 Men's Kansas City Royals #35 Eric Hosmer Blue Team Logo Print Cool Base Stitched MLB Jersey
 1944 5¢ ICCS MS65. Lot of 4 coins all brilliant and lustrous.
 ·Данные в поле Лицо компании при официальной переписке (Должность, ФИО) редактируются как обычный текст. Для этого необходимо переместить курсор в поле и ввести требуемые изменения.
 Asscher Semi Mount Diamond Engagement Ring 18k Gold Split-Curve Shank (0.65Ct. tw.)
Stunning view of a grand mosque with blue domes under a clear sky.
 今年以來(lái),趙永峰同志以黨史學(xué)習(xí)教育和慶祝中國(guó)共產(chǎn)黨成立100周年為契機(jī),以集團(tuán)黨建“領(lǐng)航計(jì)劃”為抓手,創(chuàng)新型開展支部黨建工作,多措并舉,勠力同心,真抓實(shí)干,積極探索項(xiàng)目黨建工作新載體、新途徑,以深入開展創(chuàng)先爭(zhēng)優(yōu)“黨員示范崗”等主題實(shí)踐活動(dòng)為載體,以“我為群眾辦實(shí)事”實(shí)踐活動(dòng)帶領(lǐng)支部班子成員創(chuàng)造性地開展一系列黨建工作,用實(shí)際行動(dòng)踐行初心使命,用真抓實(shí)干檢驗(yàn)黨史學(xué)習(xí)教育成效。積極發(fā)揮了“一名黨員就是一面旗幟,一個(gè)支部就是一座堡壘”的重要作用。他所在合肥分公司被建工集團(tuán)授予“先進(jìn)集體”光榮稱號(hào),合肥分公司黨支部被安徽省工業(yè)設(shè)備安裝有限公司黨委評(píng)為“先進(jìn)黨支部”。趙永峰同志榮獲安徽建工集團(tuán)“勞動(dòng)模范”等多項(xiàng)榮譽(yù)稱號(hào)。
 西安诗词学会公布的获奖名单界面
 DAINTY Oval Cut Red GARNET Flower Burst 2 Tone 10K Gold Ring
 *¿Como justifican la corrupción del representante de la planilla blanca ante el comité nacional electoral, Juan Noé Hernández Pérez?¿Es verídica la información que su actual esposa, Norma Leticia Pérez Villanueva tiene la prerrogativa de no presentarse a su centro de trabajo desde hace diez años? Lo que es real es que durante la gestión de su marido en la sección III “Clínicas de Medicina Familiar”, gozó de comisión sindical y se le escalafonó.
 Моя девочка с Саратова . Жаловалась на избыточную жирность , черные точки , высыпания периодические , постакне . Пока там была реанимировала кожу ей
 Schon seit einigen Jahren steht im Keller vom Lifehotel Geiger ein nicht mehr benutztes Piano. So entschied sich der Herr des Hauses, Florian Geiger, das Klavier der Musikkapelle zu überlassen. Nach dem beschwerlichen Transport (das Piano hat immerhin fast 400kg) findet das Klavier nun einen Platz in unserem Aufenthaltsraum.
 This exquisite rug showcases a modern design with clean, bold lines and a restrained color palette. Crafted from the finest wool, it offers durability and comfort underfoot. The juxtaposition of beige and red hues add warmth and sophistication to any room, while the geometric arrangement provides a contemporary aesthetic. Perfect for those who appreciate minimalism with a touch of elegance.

○ ○ ○

WORK TO BE COMPLETED.
Given the records above, restate word for word only the lines starting at the one with "Asscher Semi Mount" and ending at the one with "Stunning view of".

ANSWER.
 Asscher Semi Mount Diamond Engagement Ring 18k Gold Split-Curve Shank (0.65Ct. tw.)
Stunning view of a grand mosque with blue domes under a clear sky.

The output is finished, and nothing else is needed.